You know that the top of the fraction is the numerator and the bottom is the denominator?

If the denominators of two fractions are the same and you are adding or subtracting them, you add/subtract the numberators and put them on top of the denominator, e.g.

3/7 + 2/7 = (3 + 2)/7 = 5/7

4/13 - 1/13 = (4 - 1)/13 = 3/13

So what you need to do to add or subtract any kind of fraction is get them with the same denominator.

In your sum, the three denominators are 2, 5 and 3. So you need to get them all with the same denominator.

Now, Anabel mentioned 'the clever form of 1'. I've never heard it described like that, but as you know, any number multiplied by one is the same number, and 3/3 or 5/5/ or 134/134 = 1. So you can multiply both sides of the equation by 1 and it will stay the same.

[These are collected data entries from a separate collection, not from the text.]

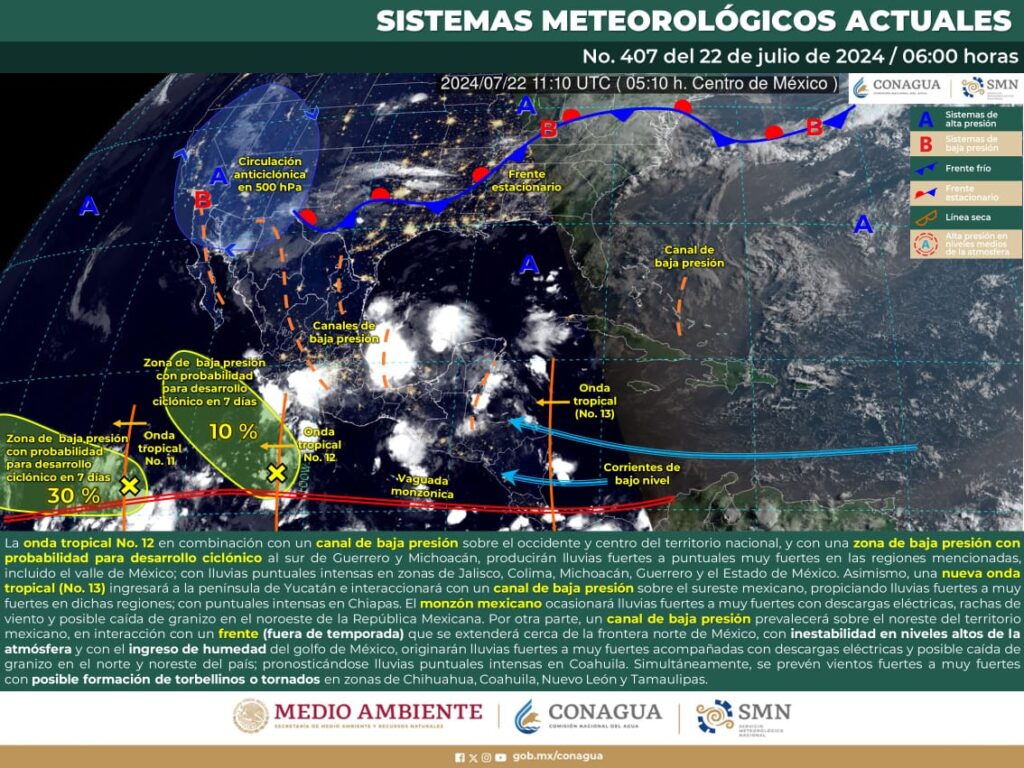 Oaxaca de Juárez, Oax. 22 de julio de 2024.- La Coordinación Estatal de Protección Civil y Gestión de Riesgos (CEPCyGR) informa que el borde delantero de la onda tropical número 13 mantendrá la presencia de lluvias de intensidad variable sin descartar tormentas de corta duración, asociada con actividad eléctrica y rachas de viento durante la tarde-noche.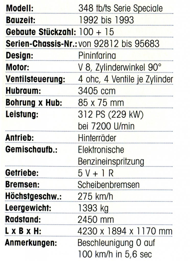 Freunde, nur 1993 wurde zwischen den Fahrgestellnummern 92812-95683 (das sind mehr als 100 ich weiß :-) genau 100 Autos gebaut die die Bezeichnung 348 Serie Speciale tragen, wer weiß mehr darüber ?
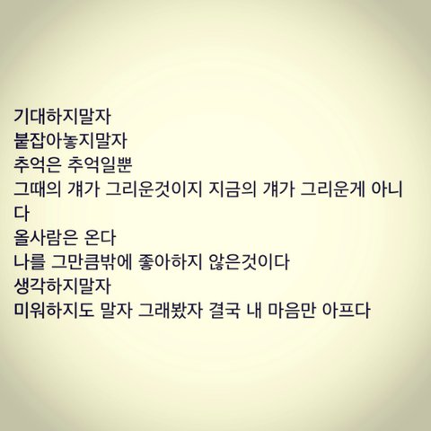 내가 잘했던 못했던 헤어질 운이였던거 같아요 헤어지고 나서 내가 좀더 잘했으면 좀더 참았으면 안 헤어지지 않았을까 하는 생각도 해봤는데 시간 지나보니 좀더 만났을수는 있겠지만 결국 헤어졌을거라는 생각이 들더라구요 이별을받아들이는게 참 어렵고 힘들던데 그걸하고나니 맘도 한결 편안해지고 놓아지는거 같더라구여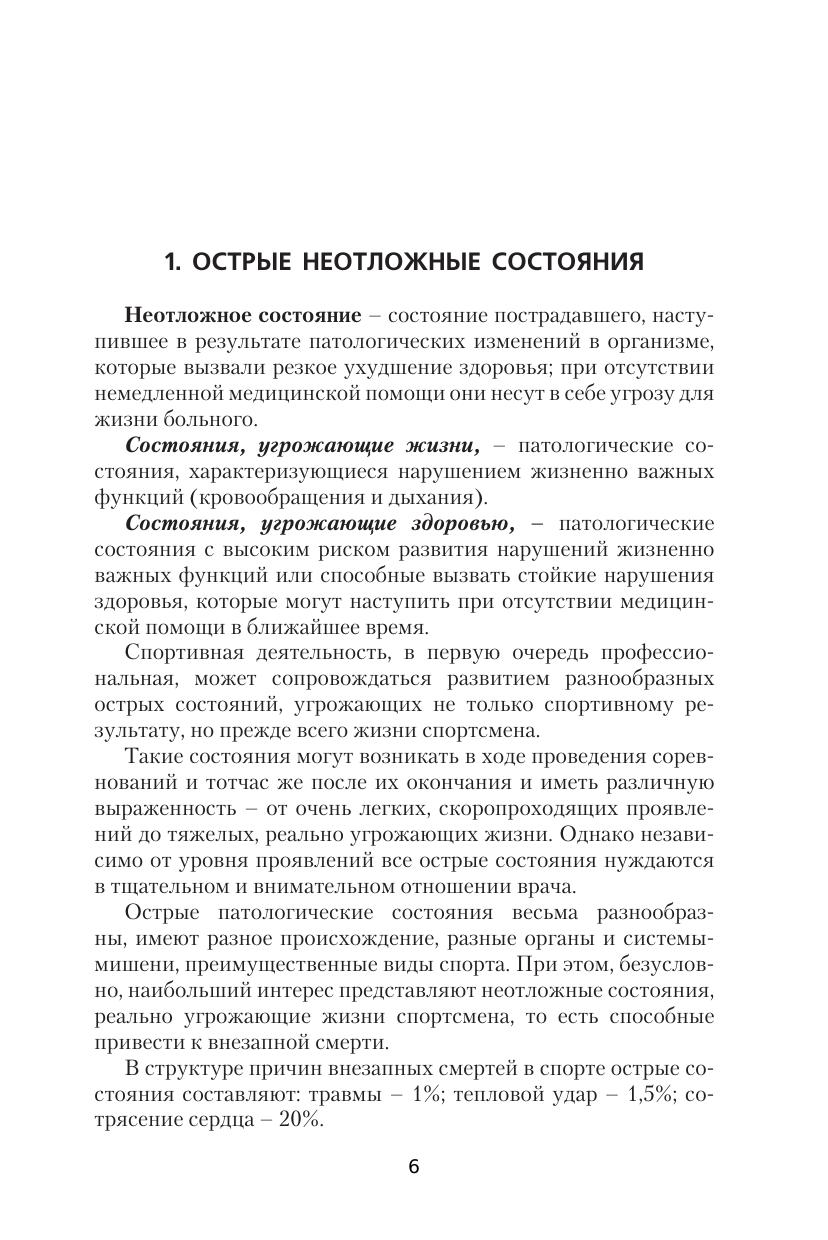 В учебном пособии обобщен опыт мировой спортивной медицины по профилактике и оказанию первой помощи спортсменам в случаях острого нарушения жизнедеятельности в соревновательный и подготовительный периоды. Особая глава посвящена внезапной смерти в спорте, которая заостряет внимание спортивных врачей на необходимости тщательного врачебного контроля спортсменов, скрупулезного спортивного отбора в детском и юношеском спорте. Соответствует современным требованиям Федерального государственного образовательного стандарта среднего профессионального образования и профессиональным квалификационным требованиям. Пособие предназначено для студентов учебных учреждений среднего профессионального образования, для практикующих медицинских работников, также представляет интерес для сотрудников скорой помощи, специалистов спортивной медицины и спортивных ведомств.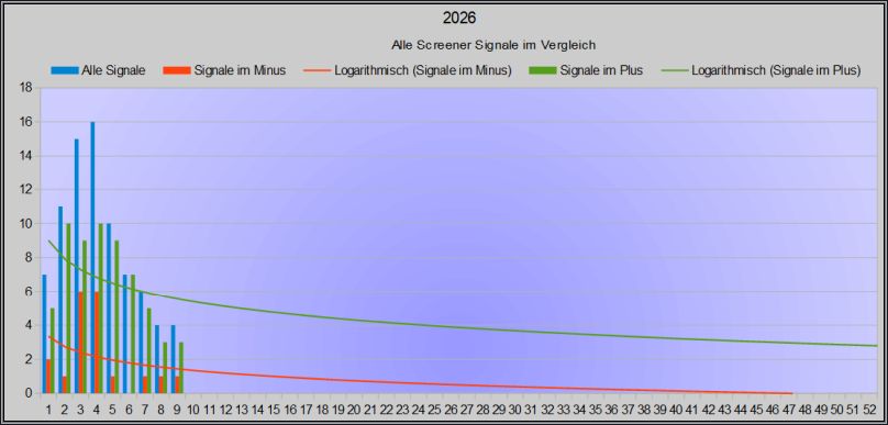 Hier wird eine kleine Statistik darüber gezeigt, wie viele Signale in den vergangenen 4 Wochen insgesamt generiert wurden und wie viele davon wöchentlich im Plus oder Minus liegen. Bisher dominieren die Signale, die im Plus liegen eindeutig.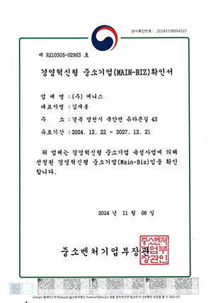 | 경영혁신형 중소기업(Main-Biz)인증 | 210305-02963 | 21.12.22 |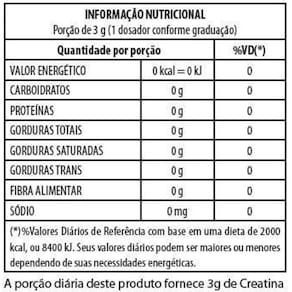 A Creatina Hardcore Reload Integralmédica é um aminoácido que ocorre naturalmente em humanos e também é consumida na alimentação. Age no estoque de energia que os músculos e os outros tecidos necessitam. Quando ingerida adequadamente como creatina exógena, os estoques musculares e cerebrais de creatina se tornam elevados assim como os seus derivados: fosforilado e a fosfocreatina. Especificações Marca: Integralmédica Linha: Creatina Hardcore Reload Recomendações: Conservar este produto ao abrigo de luz, calor e umidade, antes e após o primeiro consumo. Peso: 300g Sugestão de Uso: Misture uma colher de medida a um copo de água (200ml) e tome junto com a refeição INGREDIENTES: Creatina Monoidratada. NÃO CONTÉM GLÚTEN.

That means that 2/3 is the same as 10/15, as I'm sure you've learned when simplifying fractions. It's just the same process in reverse.

What's the 'lowest common multiple' of 2, 5 and 3? In other words, what's the lowest number that has 2, 5 and 3 as fractions? In this case, it's 2 x 3 x 5 = 30, but sometimes it might be lower - but multiplying them together will always work, you just may need to do some more simplifying/cancellnig at the end :)

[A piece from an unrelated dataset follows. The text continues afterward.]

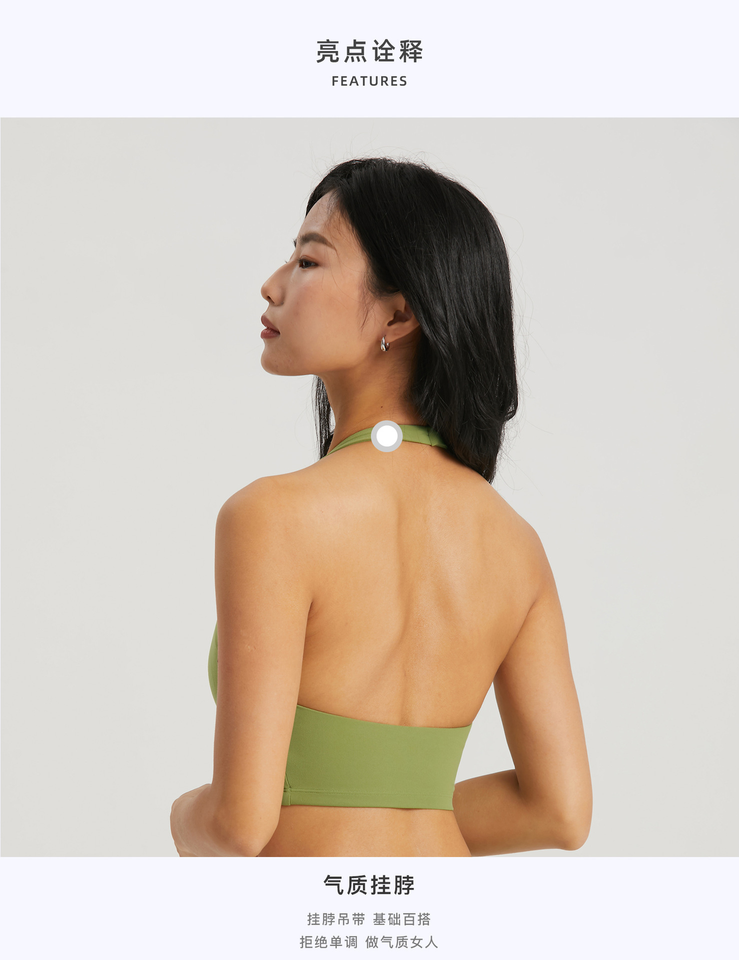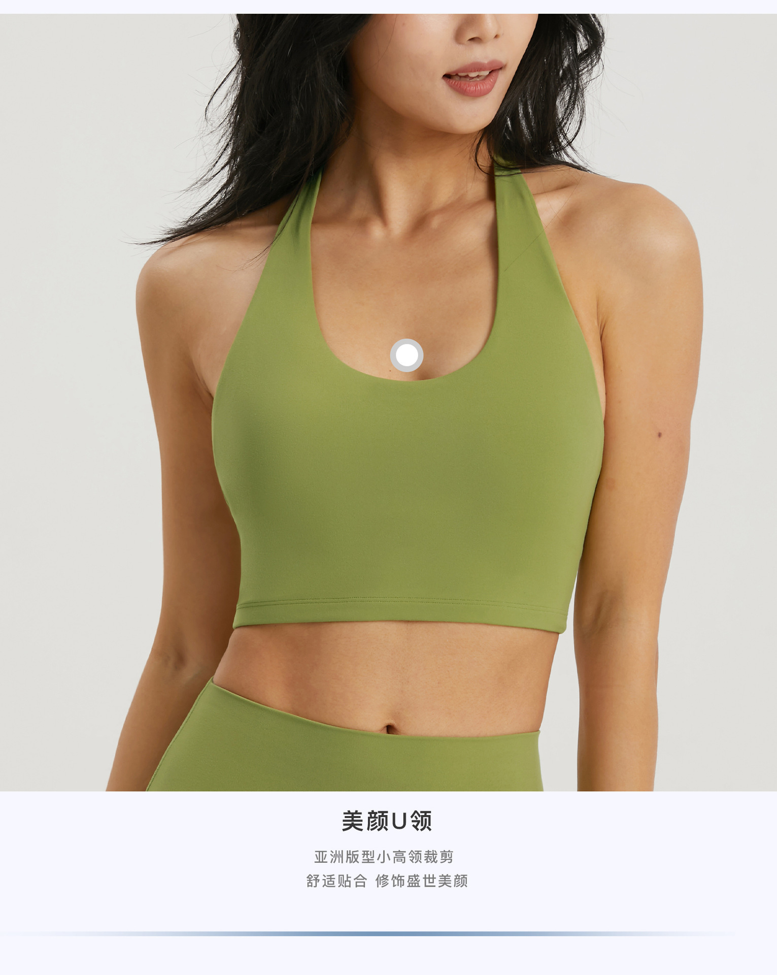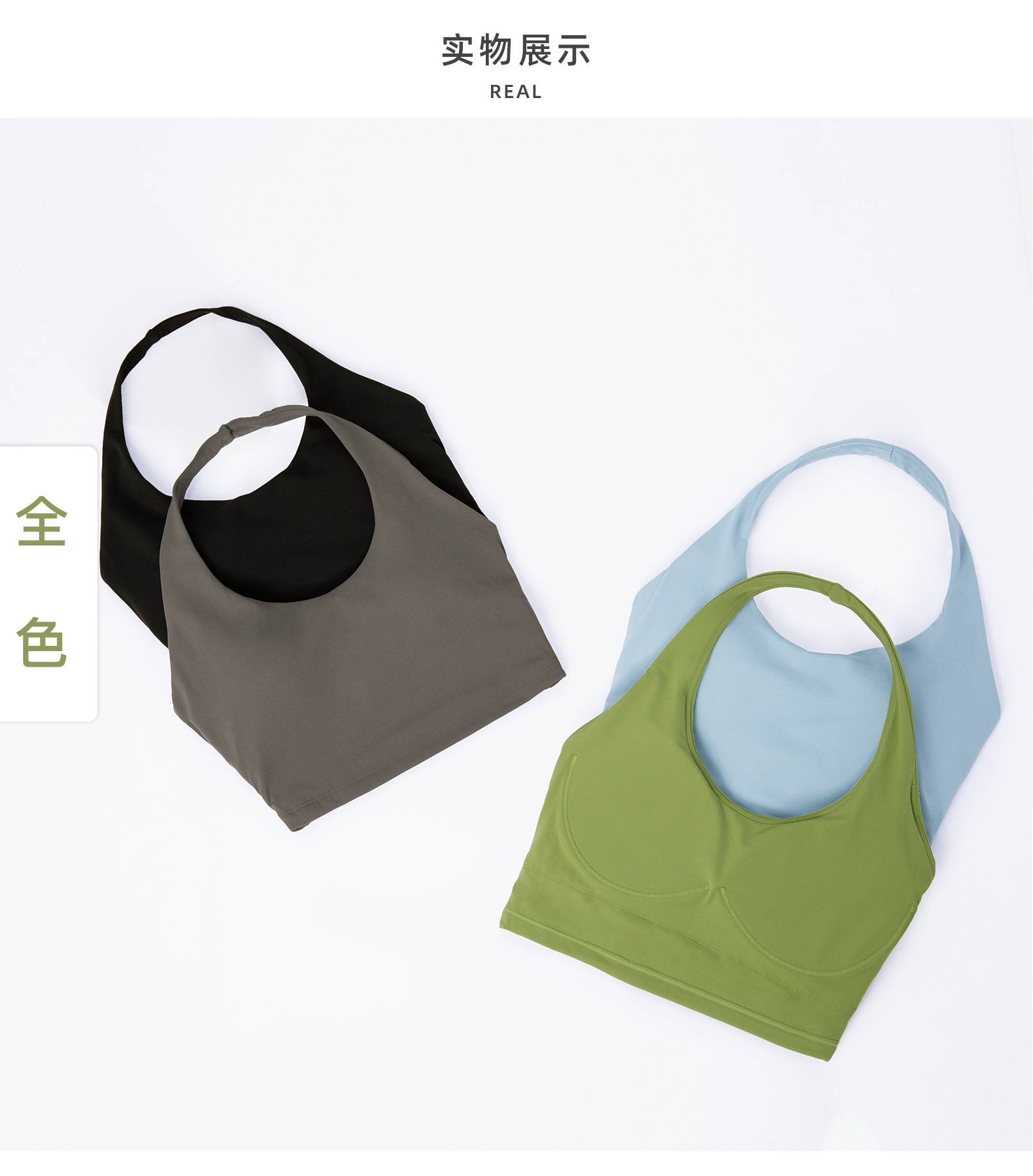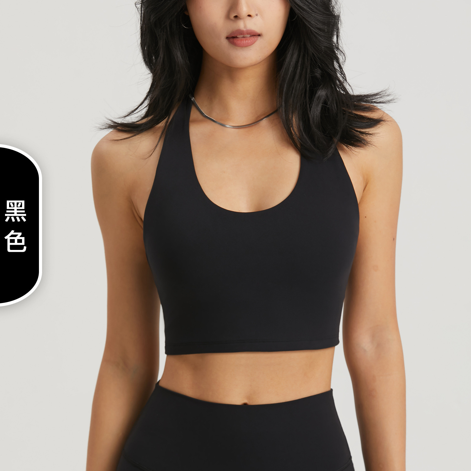 NUF 홀터넥 스포츠 브라, 고정컵 누드 느낌 요가탑, 아름다운 등 라인을 연출하는 푸쉬업 피트니스 브라, 여성용 가슴 패드 브라

Now we know that the lowest common multiple is 30, so they all need a denominator of 30. The point of using that number is that you end up with whole numbers on the top half of the fraction, as is correct and appropriate.

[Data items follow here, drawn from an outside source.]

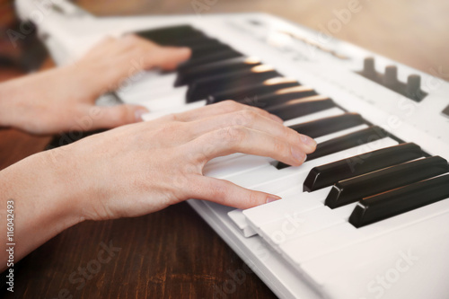 © Africa Studio, Fototapeta premium Man playing on synthesizer closeup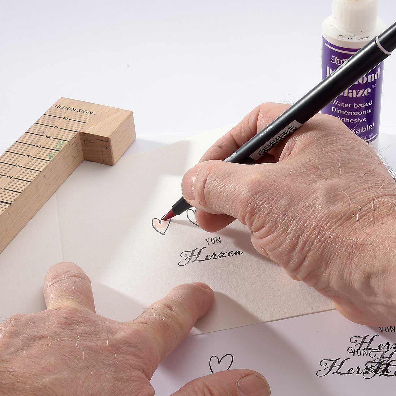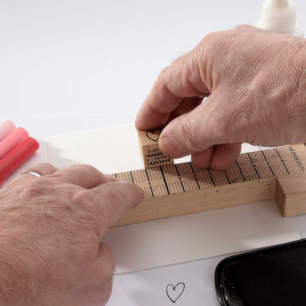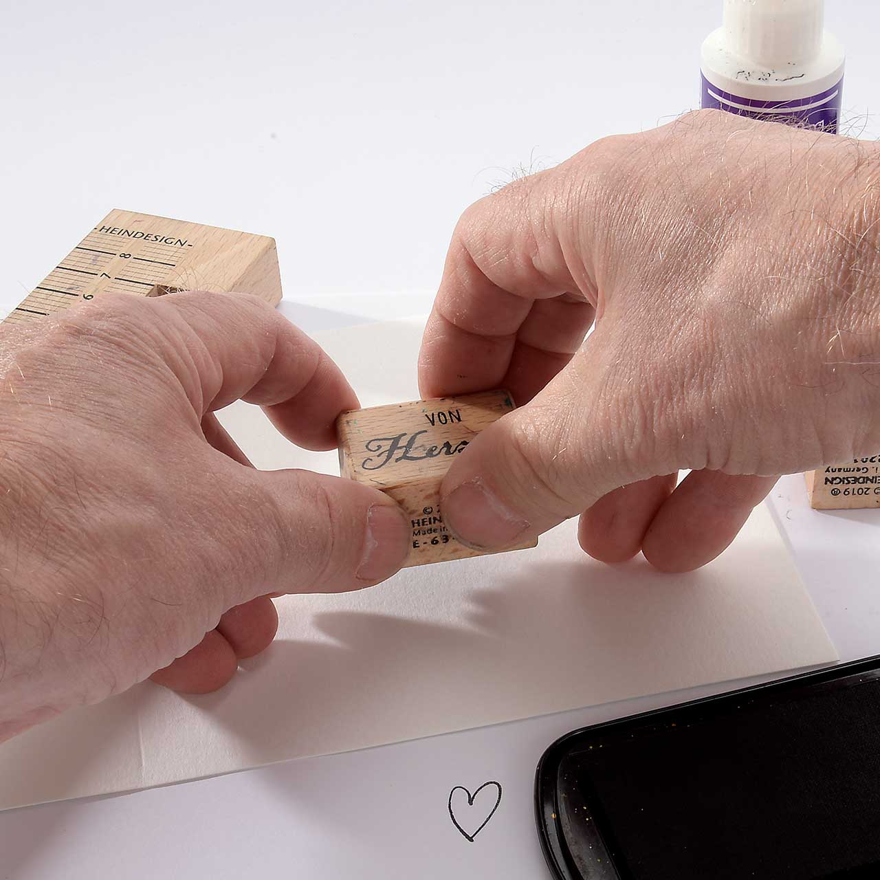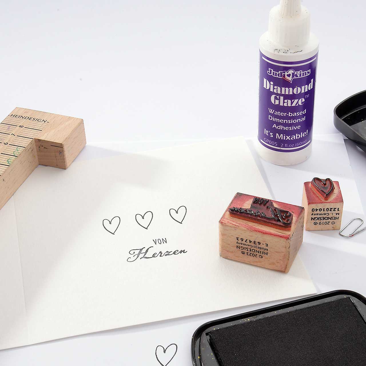 Stempeln Sie das „von Herzen“ Textmotiv mit dem schwarzen Stempelkissen unter die Herzen.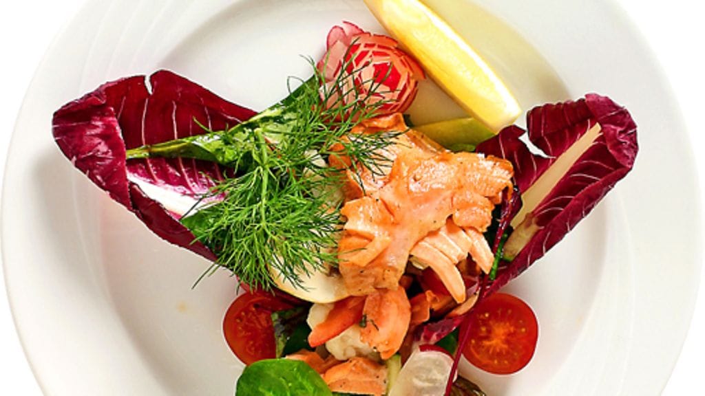 3. Sekoita kasvikset ja ripottele päälle kastike. Ruskista lohiviipaleita hetki kuumalla pannulla. Asettele viipaleet päällimmäiseksi. Koristele tillillä ja sitruunalla.

To change n/2 to something/30, we multiply by 15/15, which is multiplying by 1 so we don't change anything at all really:

N/2 x 15/15 = 15n/30

Then you need to do the same for n/5 (multiply by 6/6) and 2/3 (multiply by 10/10). That leaves us with:

15n/30 + 6n/30 = 20/30

Note that what we've done here is multiply both sides of the equation by 1, rather than multiplying each part by something different - cos you're not allowed to do that!

Now, everything on either side of the equation has a denominator of thirty. So if you multiplied both sides by thirty, that denominator would disappear and we'd be left with:

15n + 6n = 20
21n = 20
N = 20/21

This method may seem more difficult or longer than Anabel's, but it's the one I instinctively go for, because it's not How To Solve Sums With Fractions, it's tackling it as if it's any maths problem whatsoever :)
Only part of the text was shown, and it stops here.